Data extract:
"""
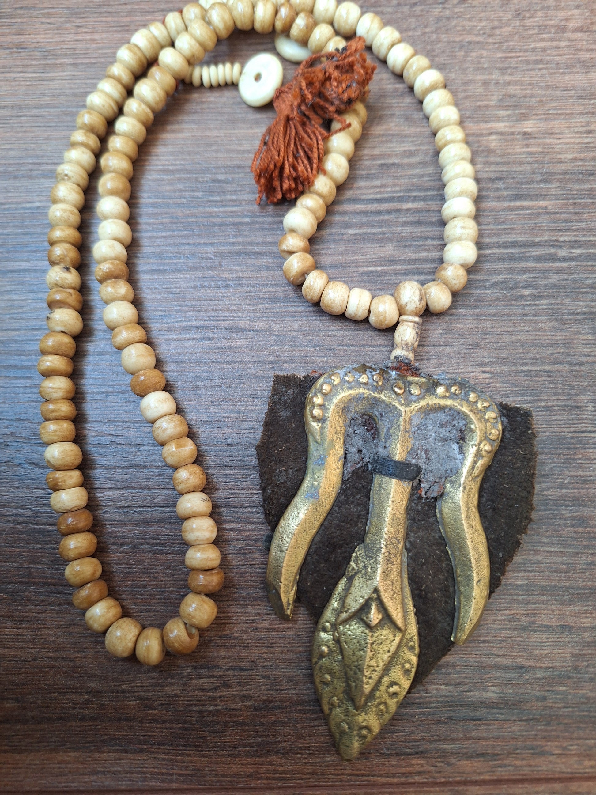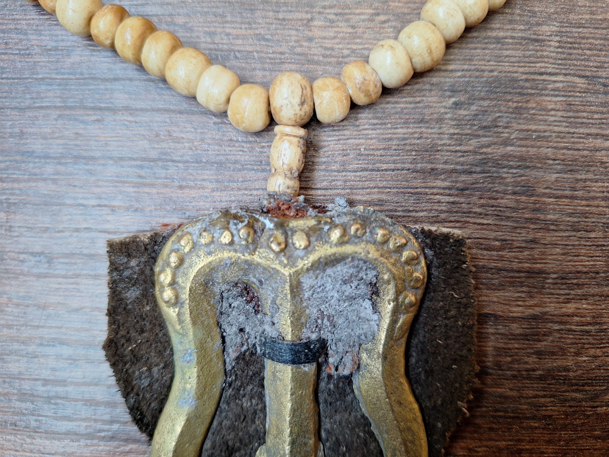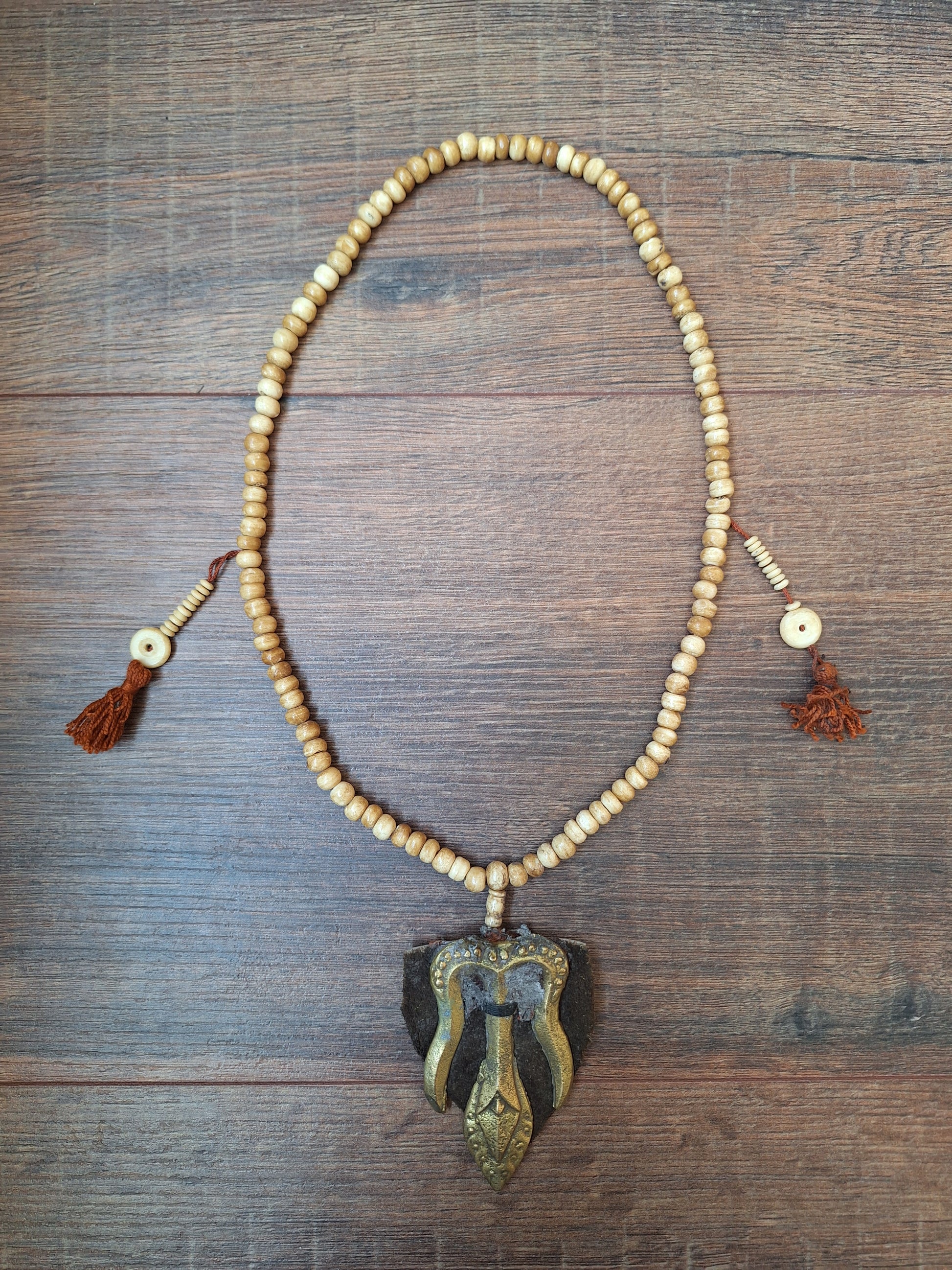 The centerpiece for this mala is a brass pendant of a trident, attached to a piece of leather fabric. This pendant is approximately 9,5 centimeters high. As can be seen on the pictures, the pendant has been made rather roughly and has traces of glue and some sort of clay (?) on it.
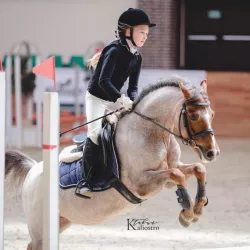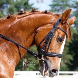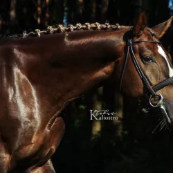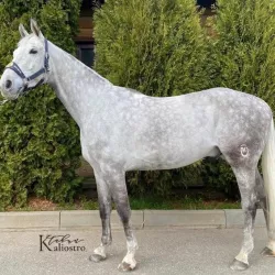 Очень изящная, высокая и красивая кобыла. Привезена в Россию в 2023 году  и на сегодняшний день выступает в соревнованиях по конкуру с высотой до 140 см. Династия  очень аккуратная и смелая лошадь с прекрасной…
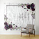 Crea las fotos de recepción perfectas con este diseño de tapiz de moda que presenta elementos botánicos florales de ciruela morado y eucalipto, elementos de esquina de polvo de oro falso, marco de ciruela morado y fondo de mármol de carrera falso. Perfecto para bodas de otoño e invierno. Copyright Elegant Invites, todos los derechos reservados.
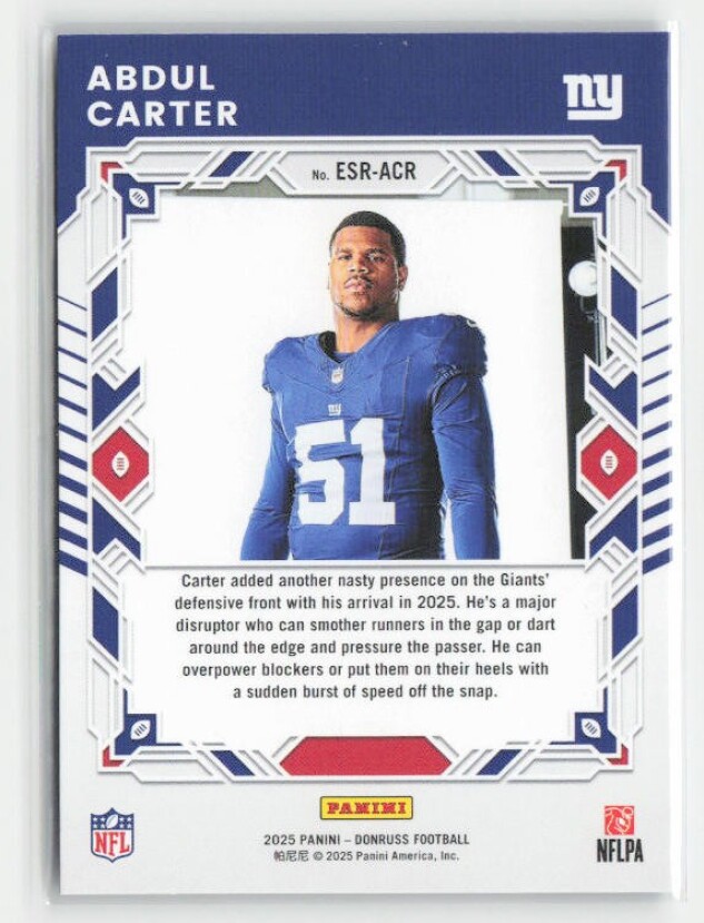 You are purchasing a 2025 Donruss Abdul Carter #ESR-ACR The Elite Series Rookies. You will receive the exact item in the photographs. Thank you for looking.
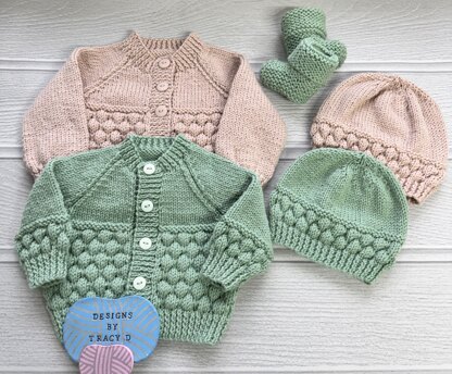 Annabeth Cardigan, Hat & Booties, 16-20 inch chest 0-12mths
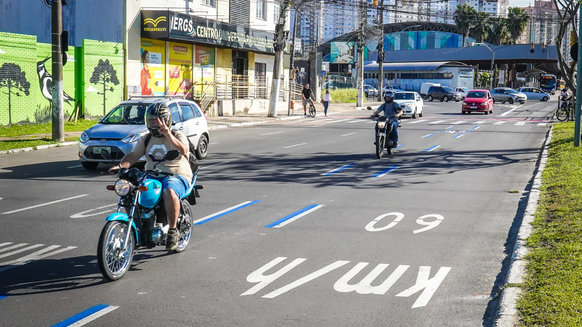 Porto Alegre, RS, Brasil - 10/10/2025: A Empresa Pública de Transporte e Circulação (EPTC) foi autorizada a implantar um projeto experimental de motofaixa de aproximadamente quatro quilômetros na avenida Assis Brasil, entre a avenida Joaquim Silveira, a partir do Terminal Triângulo, e a avenida Bernardino Silveira Amorim, no sentido Centro-bairro, próximo à Fiergs. A sinalização de faixa preferencial para circulação de motociclistas não está prevista no Código de Trânsito Brasileiro (CTB) e, por isso, depende de autorização específica da Secretaria Nacional de Transito (Senatran) para fins de estudo experimental. O objetivo do projeto é melhorar a circulação e reduzir os sinistros com envolvimento de motociclistas nesse trecho. Foto: Gustavo Roth/EPTC/PMPA
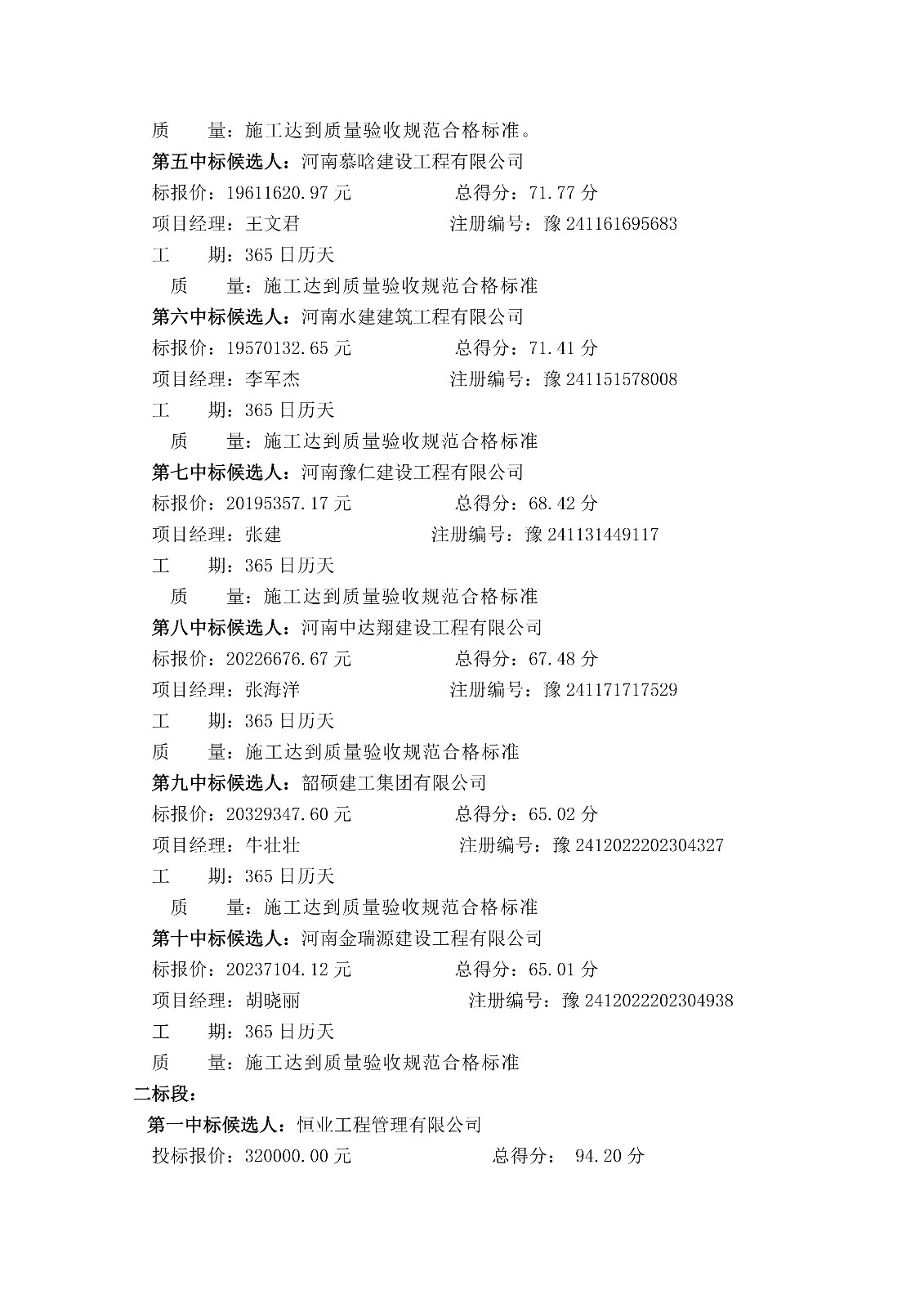 中标候选人公示
"""
Assignment: Please restate the lines above exactly, starting at the first line of the data and stopping at the line containing "Annabeth Cardigan, Hat", which is included. Omit pictures.

Written answer:
 The centerpiece for this mala is a brass pendant of a trident, attached to a piece of leather fabric. This pendant is approximately 9,5 centimeters high. As can be seen on the pictures, the pendant has been made rather roughly and has traces of glue and some sort of clay (?) on it.
 Очень изящная, высокая и красивая кобыла. Привезена в Россию в 2023 году  и на сегодняшний день выступает в соревнованиях по конкуру с высотой до 140 см. Династия  очень аккуратная и смелая лошадь с прекрасной…
 Crea las fotos de recepción perfectas con este diseño de tapiz de moda que presenta elementos botánicos florales de ciruela morado y eucalipto, elementos de esquina de polvo de oro falso, marco de ciruela morado y fondo de mármol de carrera falso. Perfecto para bodas de otoño e invierno. Copyright Elegant Invites, todos los derechos reservados.
 You are purchasing a 2025 Donruss Abdul Carter #ESR-ACR The Elite Series Rookies. You will receive the exact item in the photographs. Thank you for looking.
 Annabeth Cardigan, Hat & Booties, 16-20 inch chest 0-12mths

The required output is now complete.